Task to complete: Apart from the images, every record here needs to be copied exactly.
Start of Data excerpts
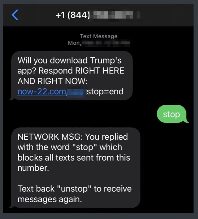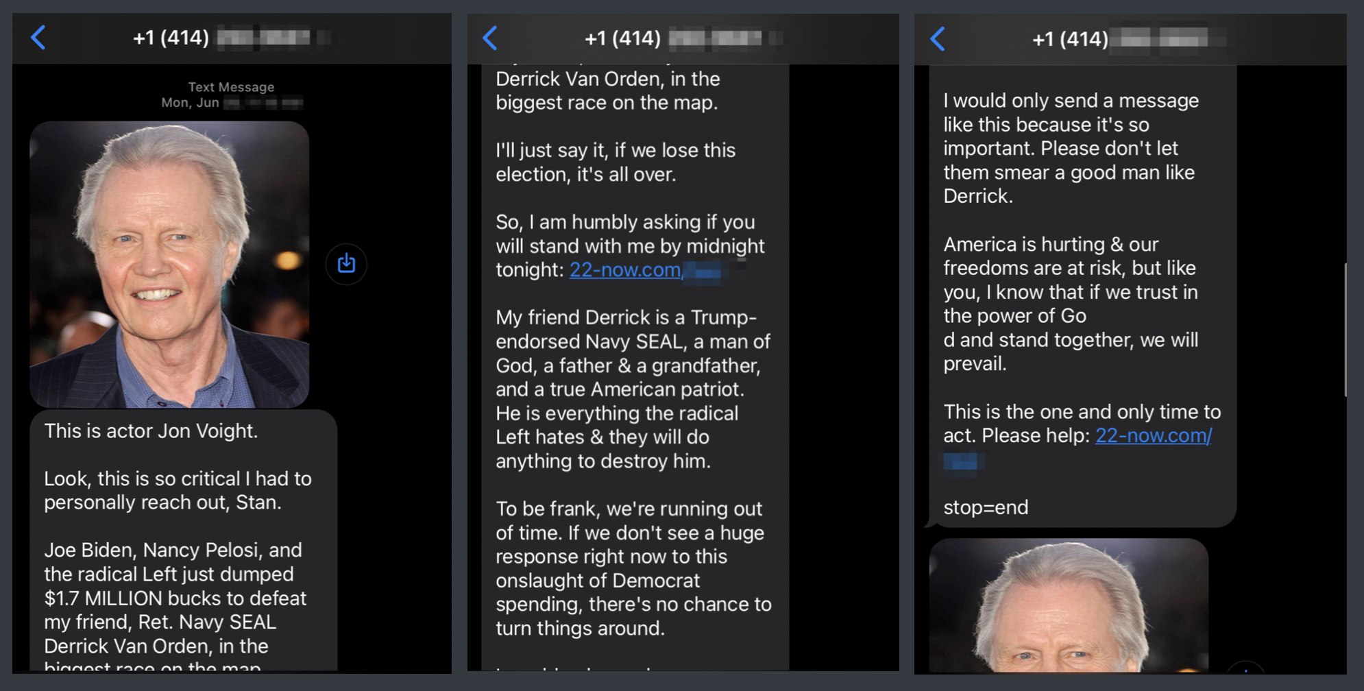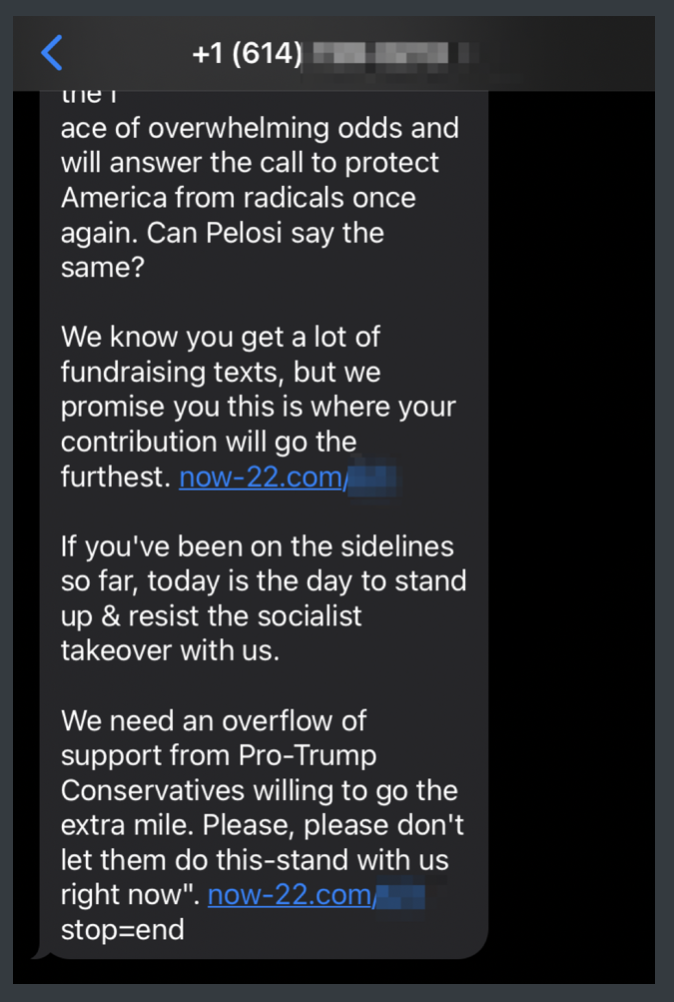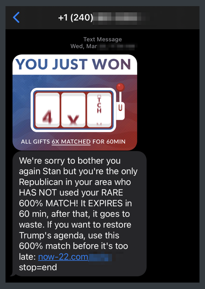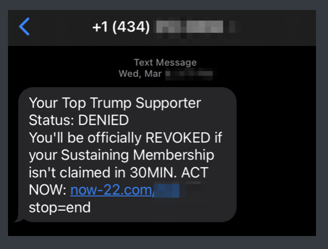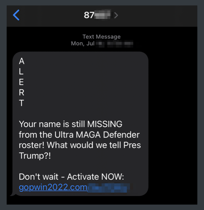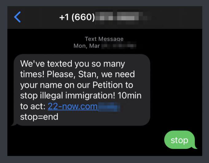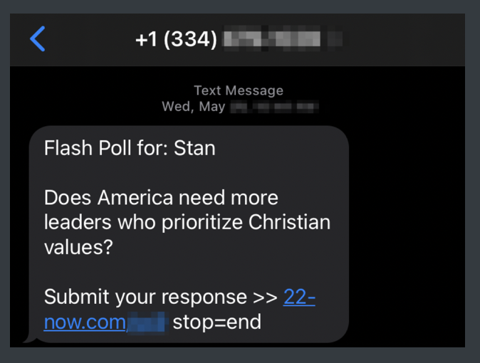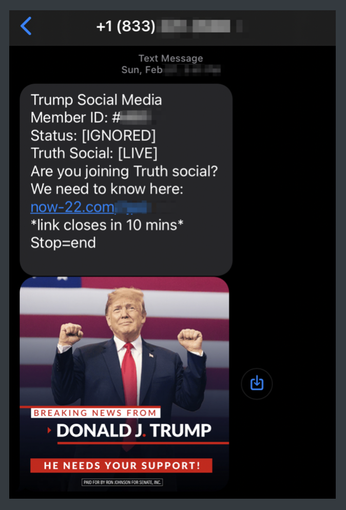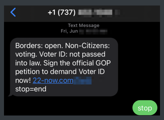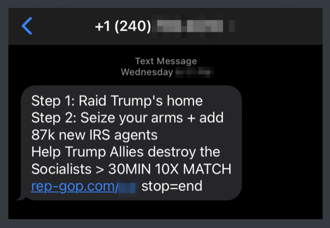 On August 10, 2022, I received a text message while on roaming and decided to see if I could take a similar approach to the political messages as I do banking fraud.
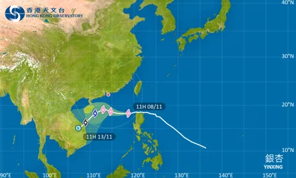 銀杏|天文台於下午12時40分發出一號戒備信號!最新動態颱風路徑及風力預測
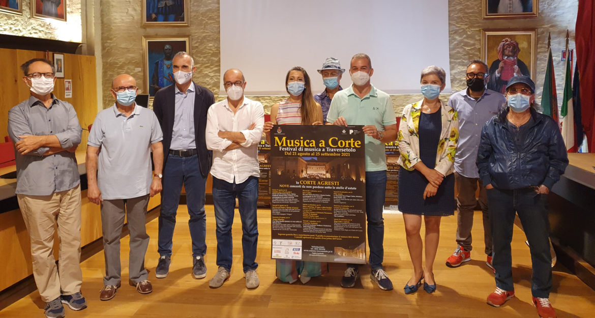 La musica sarà la protagonista dell’estate di Traversetolo. Nella splendida cornice della Corte Agresti si svolgerà infatti dal 21 agosto al 25 settembre 2021 il festival “MUSICA A CORTE”, con nove imperdibili serate da assaporare sotto le stelle. E i concerti accontenteranno un po’ tutti i gusti musicali: ci saranno i grandi successi della musica leggera italiana e straniera, le arie immortali del patrimonio lirico italiano che incontreranno Dante e le sue liriche d’amore, il tango ricordando anche Astor Piazzola a cento anni dalla sua nascita, il jazz con i suoi classici di sempre declinato al femminile, la lirica, le musiche da film, le storiche canzoni de “I Corvi”, il blues. E, in un evento speciale, sul palco della Corte salirà anche Elio con Cesareo e la Filarmonica dell’Opera Italiana “Bruno Bartoletti” nello spettacolo “Elio è Pierino, il lupo e altre bestie!” con musiche di Prokofiev, Rossini, Mozart ed Elio e le Storie Tese. La rassegna è stata presentata questa mattina, venerdì 16 luglio, nella Sala consiglio della Corte Agresti dal sindaco Simone Dall’Orto, dall’assessore alla Cultura Elisabetta Manconi e da alcuni degli artisti protagonisti e degli organizzatori delle serate.
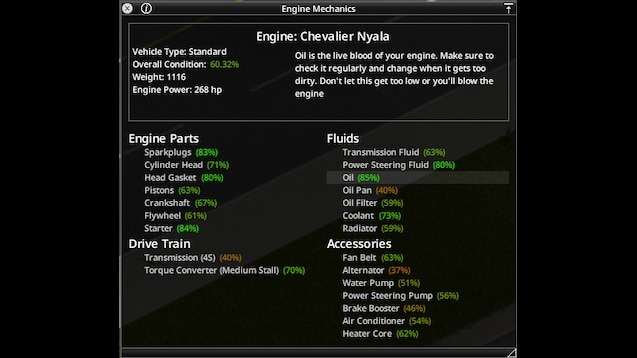 Мод Project Summer Car превращает механику автомобилей в Project Zomboid в полноценную техническую симуляцию. Теперь двигатель состоит из 18 типов деталей и 4 видов жидкостей, каждая из которых влияет на производительность. Ухудшение состояния свечей, поршней, радиатора или даже масляного фильтра напрямую сказывается на мощности, расходе топлива и риске перегрева. Мод интегрируется с Realistic Car Physics, обеспечивая глубокую физику управления, а также совместим с модами от KI5, Filibuster Rhymes, Autostar и другими.
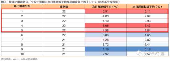 如果按照Q2環(huán)比增速從高到低分組,個股表現與Q2業(yè)績增速環(huán)比同樣存在相關性,且周度表現較日度表現更加明顯。我們將符合標準的個股,分成10組,環(huán)比增速前10%為第一組,以此類推,中報業(yè)績預報環(huán)比增速排名在90%-100%為第十組。
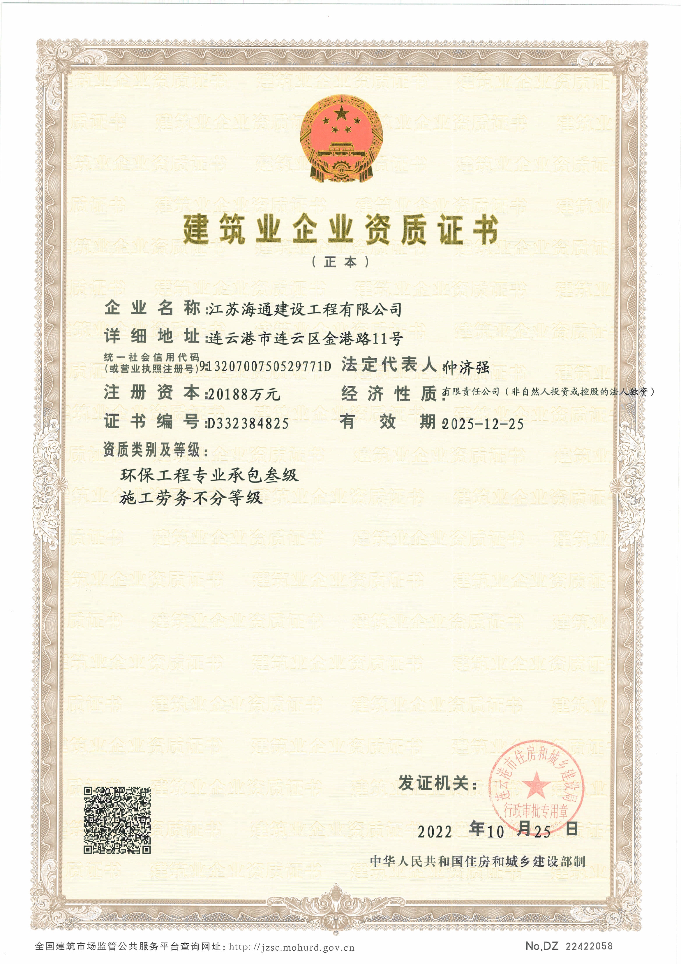 近日,江蘇海建公司資質(zhì)申報工作再傳喜訊,經(jīng)連云港市住房和城鄉(xiāng)建設(shè)局嚴格審核后批準通過,海建公司成功增項“施工勞務(wù)分包不分等級”資質(zhì)。
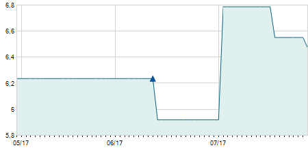 | 07/05/2012 | +0,70 / +6,67% | 11,20 | 11,20 | 11,20 | 11,20 | 11,20 | 2,46 | 1.300 |   |
End of Data excerpts
Solution to this exercise:
 On August 10, 2022, I received a text message while on roaming and decided to see if I could take a similar approach to the political messages as I do banking fraud.
 銀杏|天文台於下午12時40分發出一號戒備信號!最新動態颱風路徑及風力預測
 La musica sarà la protagonista dell’estate di Traversetolo. Nella splendida cornice della Corte Agresti si svolgerà infatti dal 21 agosto al 25 settembre 2021 il festival “MUSICA A CORTE”, con nove imperdibili serate da assaporare sotto le stelle. E i concerti accontenteranno un po’ tutti i gusti musicali: ci saranno i grandi successi della musica leggera italiana e straniera, le arie immortali del patrimonio lirico italiano che incontreranno Dante e le sue liriche d’amore, il tango ricordando anche Astor Piazzola a cento anni dalla sua nascita, il jazz con i suoi classici di sempre declinato al femminile, la lirica, le musiche da film, le storiche canzoni de “I Corvi”, il blues. E, in un evento speciale, sul palco della Corte salirà anche Elio con Cesareo e la Filarmonica dell’Opera Italiana “Bruno Bartoletti” nello spettacolo “Elio è Pierino, il lupo e altre bestie!” con musiche di Prokofiev, Rossini, Mozart ed Elio e le Storie Tese. La rassegna è stata presentata questa mattina, venerdì 16 luglio, nella Sala consiglio della Corte Agresti dal sindaco Simone Dall’Orto, dall’assessore alla Cultura Elisabetta Manconi e da alcuni degli artisti protagonisti e degli organizzatori delle serate.
 Мод Project Summer Car превращает механику автомобилей в Project Zomboid в полноценную техническую симуляцию. Теперь двигатель состоит из 18 типов деталей и 4 видов жидкостей, каждая из которых влияет на производительность. Ухудшение состояния свечей, поршней, радиатора или даже масляного фильтра напрямую сказывается на мощности, расходе топлива и риске перегрева. Мод интегрируется с Realistic Car Physics, обеспечивая глубокую физику управления, а также совместим с модами от KI5, Filibuster Rhymes, Autostar и другими.
 如果按照Q2環(huán)比增速從高到低分組,個股表現與Q2業(yè)績增速環(huán)比同樣存在相關性,且周度表現較日度表現更加明顯。我們將符合標準的個股,分成10組,環(huán)比增速前10%為第一組,以此類推,中報業(yè)績預報環(huán)比增速排名在90%-100%為第十組。
 近日,江蘇海建公司資質(zhì)申報工作再傳喜訊,經(jīng)連云港市住房和城鄉(xiāng)建設(shè)局嚴格審核后批準通過,海建公司成功增項“施工勞務(wù)分包不分等級”資質(zhì)。
 | 07/05/2012 | +0,70 / +6,67% | 11,20 | 11,20 | 11,20 | 11,20 | 11,20 | 2,46 | 1.300 |   |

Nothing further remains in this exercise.